Read Paradeisia: Origin of Paradise Online
Authors: B.C.CHASE
No, he didn't need rescuing after all, Aubrey thought. He was just a jerk. She also wondered something else about him. “Are you gay?”
“Excuse me?”
“Are you gay? As in homosexual?”
He appeared confused, “No. Why would you ask that?”
She rolled her eyes, “No reason.”
Suddenly Maggie interrupted them, “Sorry to intrude, Mr. Potter, but we're almost there.”
“NP-452,” Henry said, rising from his desk. “Count on a dozen governments to come up with a name like that. Let's see if she's worth a damn.”
St. Joseph's Medical Center
“So what's our verdict, John?” Doctor Kingsley asked into his phone. “What does the lab have for us?”
Doctor Burwell had been receiving calls like this from Kingsley ever since the Sienna Petersen case had come down to the morgue. Kingsley had been the woman's OBGYN, so it was understandable he was concerned. Doctor Burwell said, “Whatever it was, it wasn't good; they sent it to the CDC.”
“They did
what?
” Doctor Kingsley's voice was suddenly tense. Then, “I'm sorry, where did you say they had it sent?”
“They sent it to the Centers for Disease Control. Her death was definitely not related to the miscarriage.”
“Are you sure about that? Miscarriage can cause all kinds of secondary problems.”
“Well you know what I said about the miscarriage. She didn't have one.”
“I know what you said, but you know there's no other alternative.”
“I sent pictures to a friend. A gynecologist.”
“You could have sent them to me.”
“I'm sorry, I know she was your patient. I didn't want to upset you.”
“What did your 'friend' say?”
“He said never. He said that, as recent as it was, the cervix would have been open and there would have been some blood at the very least.”

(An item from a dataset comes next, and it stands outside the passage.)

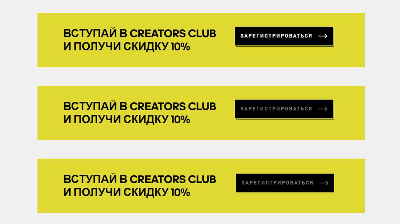 Три состояния кнопки на сайте adidas.ru: нормальное состояние (верхнее), при наведении мыши (среднее) и нажатое (нижнее)Скриншот: adidas.ru

“Hmm. Well, I still think she flushed it,” Doctor Kingsley asserted. Then he changed the subject, “So admin is sectioning off the fourth floor?”
“Yes, they're putting Sarah and me in quarantine. They asked us to go voluntarily until the Maryland authorities decide what to do. They also said the CDC would need an executive order to enact a quarantine. You know how bureaucracy is...”
Doctor Kingsley grew serious, “But John, this is ridiculous. The woman had a miscarriage and died. There isn't any kind of pathological threat. You're seriously not going to stay there are you?”
“Yeah. I am.”
“I'm going to fight this for you. It's not right.”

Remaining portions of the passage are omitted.